- Education: University of Leeds (BSc) University of East Anglia (PhD)
- Scientific career
- Workplaces: Forestry Commission, Imperial College London, Harper Adams University
- Thesis: Aspects of the ecology of the bird cherry-cat aphid Rhopalosiphum padi L (1980)
- Doctoral advisor: Tony dixon (biologist)

= Simon Leather =

Entomologist

Simon R Leather Hon.FRES (13 March 1955 - 27 September 2021) was an entomologist in the UK, he was Professor of Entomology at Harper Adams University, Honorary Fellow of the Royal Entomological Society and an expert on aphids and applied entomology.
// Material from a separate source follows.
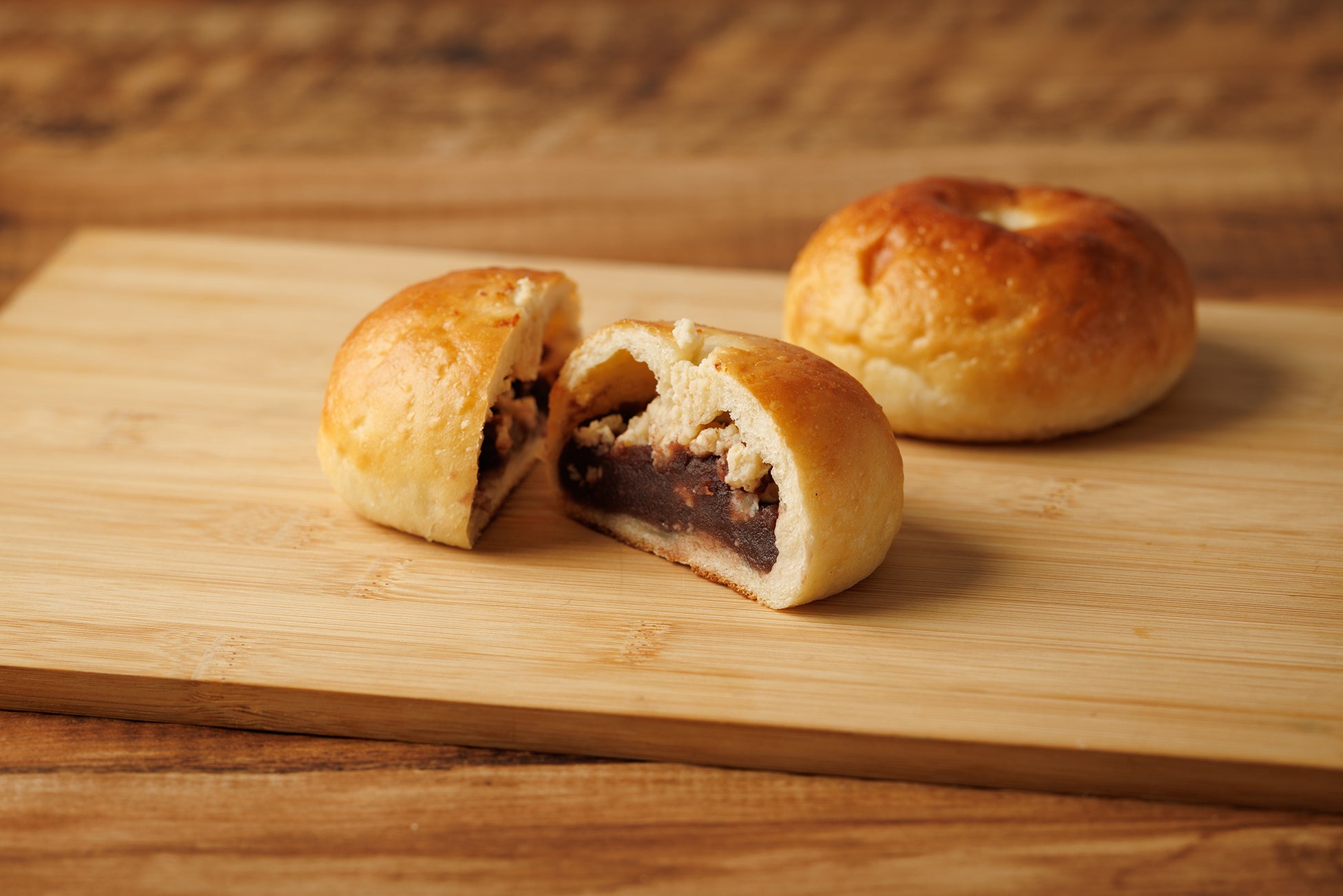 国産あずきを使った上品でなめらかなこしあんと、かごや商店の「流山本みりん」、そして本みりんを搾る際に生まれる幻の食材「こぼれ梅」を、湯種製法のもっちりとした生地で包みました。

== Education and career ==
Leather had a childhood interest in insects and was educated at King George V School (Hong Kong) and Ripon Grammar School, he studied BSc Agricultural Zoology at the University of Leeds, graduating in 1977; and a PhD on the ecology of the bird cherry-oat aphid at the University of East Anglia, graduating in 1980. He was a Royal Society postdoctoral fellow in Finland, working on the bird cherry-oat aphid, he moved back to UEA and then worked at the Forestry Commission.
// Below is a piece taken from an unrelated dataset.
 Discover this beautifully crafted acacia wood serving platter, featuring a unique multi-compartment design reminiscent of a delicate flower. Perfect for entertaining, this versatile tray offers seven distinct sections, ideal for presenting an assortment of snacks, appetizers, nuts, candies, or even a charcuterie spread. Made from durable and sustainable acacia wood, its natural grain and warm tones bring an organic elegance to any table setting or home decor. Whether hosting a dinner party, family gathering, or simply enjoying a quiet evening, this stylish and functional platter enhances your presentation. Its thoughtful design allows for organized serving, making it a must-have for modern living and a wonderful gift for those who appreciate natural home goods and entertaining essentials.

In the early 1990s he moved the Silwood Park campus of Imperial College London to be a lecturer, rising to Reader in Applied Ecology, in 2012 Leather moved to Harper Adams University to be Professor of Entomology.

== Academic activities ==
Leather did extensive research into integrated pest management of insect pests in agriculture, horticulture and forestry and he was a member of the UK government's Tree Health and Plant Biosecurity Taskforce.
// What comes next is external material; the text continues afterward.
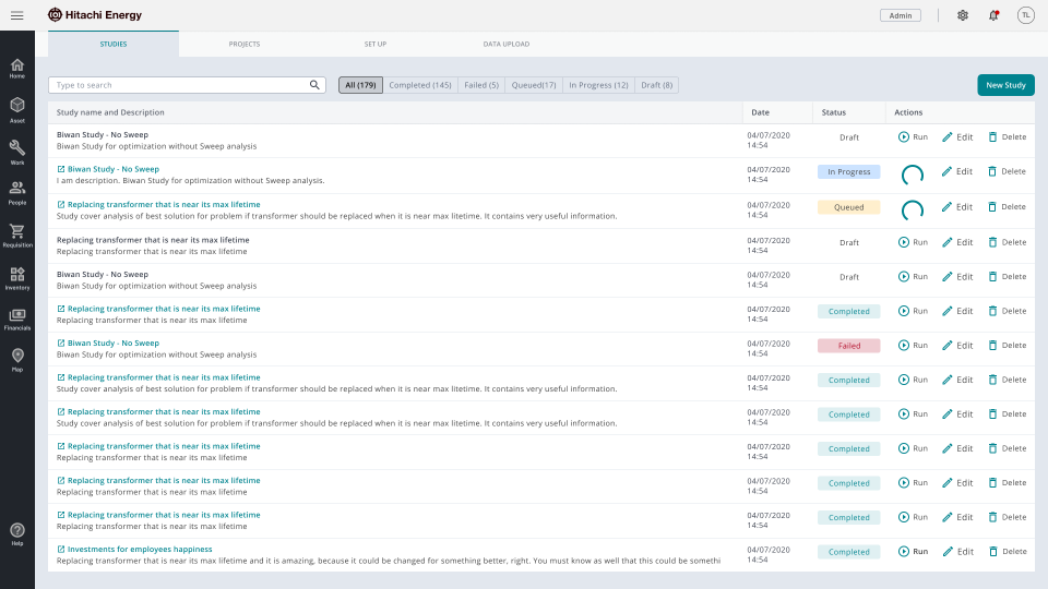 The Studies tab is a categorised search catalog so users can find studies by keywords or status. Actions like edit, delete, and run are available to manage studies. Status badges (completed, in progress, failed, queued) let analysts see state at a glance without opening each record.

His work on aphids includes the discovery in pea aphids of cannibalistic behaviour.

Leather has also carried out research in urban ecology, looking at the biodiversity value of roundabouts for over 10 years in Bracknell Forest.

He was an advocate of the need for specialist training in entomology and taxonomy and before his move to Harper Adams University was concerned that his then unique (in the UK) Masters courses in Entomology, Integrated Pest Management and Plant Pathology would cease on his eventual retirement. In 2009 he coined the phrase 'institutional vertebratism' to describe the bias of scientific research funding to vertebrate animals, rather than the more numerous invertebrates.

In late 2012 Leather joined Twitter with the account handle @entoprof and in 2013 he started a personal blog Don't forget the roundabouts. He talked and wrote about new platforms for non-academic science communication that are available online.

== Books ==

- Ecology of Insect Overwintering, with Keith Walters and Jeff Bale, published by Cambridge University Press in 1993.
- Insect Reproduction, with Jim Hardie, published by CRC Press in 1995.
- Insects on cherry trees with Keith Bland, number 27 in the Naturalists' Handbooks series in 1999, now published by Pelagic Publishing.
- Edited Insect Sampling in Forest Ecosystems published by Wiley in 2005.
- Insects: A Very Short Introduction published by Oxford University Press in 2022, part of the Very Short Introductions series.

== Honours and awards ==

- Made Honorary Fellow of the Royal Entomological Society in 2015.
- Was a past president of the Amateur Entomologists Society.
- Founding editor of the journal Insect Conservation & Diversity, with Yves Basset and Raphael Didham
- Editor in Chief of the Association of Applied Biologist's journal Annals of Applied Biology.